Deren Ziel ist in erster Linie, den Ausstoss des Klimagases CO2 zu senken. Mit den bisherigen Massnahmen sei es gelungen, jährlich 169 Gigawattstunden Energie zu sparen und so 33 500 Tonnen CO2 weniger zu produzieren. Umgelegt auf die 283 000 Einwohner des Baselbiets macht dies 118 Kilogramm CO2 pro Kopf. Derzeit liegt in der Schweiz gemäss Bundesamt für Umwelt (Bafu) der durchschnittliche Ausstoss pro Kopf bei rund 5 Tonnen, wenn man die Importe nicht mit einbezieht. Rechnet man die importierten Güter und Dienstleistungen dazu, ist er rund doppelt so hoch.

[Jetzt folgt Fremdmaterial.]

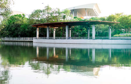 Public Stage at Cyberjaya Lake, Selangor, Malaysia. This building was located inside The Cyberjaya Lake Garden. The Lake Gardens is now gaining popularity amongst the local community.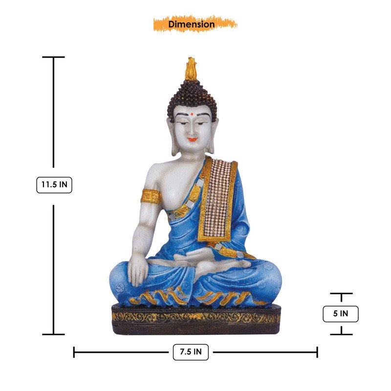 Chic Artisan Ployresin Lord Buddha Meditating Figurine Display Piece Home Decor/Office Home Decor/Spiritual Gift, Blue – Unique Decor Piece

Die Zielgrösse, über die ab dem Wochenende am UN-Gipfel in Paris verhandelt wird, liegt bei 1,7 Tonnen pro Kopf im Jahr 2050. Mit anderen Worten: Der Weg zum Reduktionsziel ist noch weit. Zudem hält der Bericht an den Landrat fest, dass die CO2-Wirkung überschätzt wurde, als man das Programm 2009 beschloss. Seither seien die Wirkungsfaktoren schweizweit angepasst worden.

Zukunft: Energieabgabe

41,2 Millionen Franken der ausbezahlten Fördermittel kamen vom Bund (CO2-Abgabe) 19,9 Millionen vom Kanton. Ursprünglich hatte der Landrat 2009 dafür per Verpflichtungskredit 50 Millionen bewilligt. Im Bericht an den Landrat stellt die Regierung nun fest, dass zusätzlich viele Fördergelder bereits für Projekte zugesagt sind, die aber noch nicht realisiert sind. Deshalb sei absehbar, dass die 50 Millionen schon vor 2019 aufgebraucht würden.

In die Lücke springen soll der im revidierten Energiegesetz vorgesehene Energiefonds, der gemäss Energiestrategie 2012 die bisherigen Mittel des Energiepakets verdreifachen soll. Er würde aus einer Energieabgabe gespeist, über die im Sommer 2016 abgestimmt wird. Falls das Volk diese ablehne, müsste der Landrat 2017 einen neuen Verpflichtungskredit aus der Staatsrechnung beschliessen, um das Förderprogramm fortzusetzen.

Wie viel bekommt die IWF AG?

Gleichzeitig beantwortet die Regierung die beiden Vorstösse der Landräte Stefan Zemp (SP) und Philipp Schoch (Grüne). Sie wollten wissen, weshalb seit Anfang 2012 die Standardgesuche vom Institut für Wirtschaftsförderung (IWF AG), einer 100-prozentigen Tochter der Wirtschaftskammer, bearbeitet werden und welche Kosten dadurch entstünden.

Das Amt für Umwelt und Energie (AUE) solle von administrativen Routinearbeiten entlastet werden, begründet die Regierung nun die Auslagerung. Das AUE konzentriere sich deshalb auf die komplizierteren Gesuche. Zudem wolle der Kanton wegen der leeren Kassen keine zusätzlichen Stellen schaffen.

In den drei Jahren, in denen die IWF AG die Standardgesuche bearbeitet, habe sie 2012 480 000 Franken, 2013 577 000 und 2014 518 000 Franken erhalten, total 1,57 Millionen. Im Schnitt über alle Jahre betrugen die Kosten 6,1 Prozent der bewilligten Fördermittel, wobei im ersten Jahr (2010) aufgrund von Aufbauarbeiten die Kosten noch 9,7 Prozent der gesprochenen Fördergelder betrugen. Seit 2011 sinken die Kosten kontinuierlich von 5,5 Prozent auf 5,0 Prozent (2014). Sie lägen somit unterhalb der 7,2 Prozent, welche die Kantone und der Bund als Obergrenze für die Gesuchsbearbeitung festgelegt haben, heisst es in dem Bericht.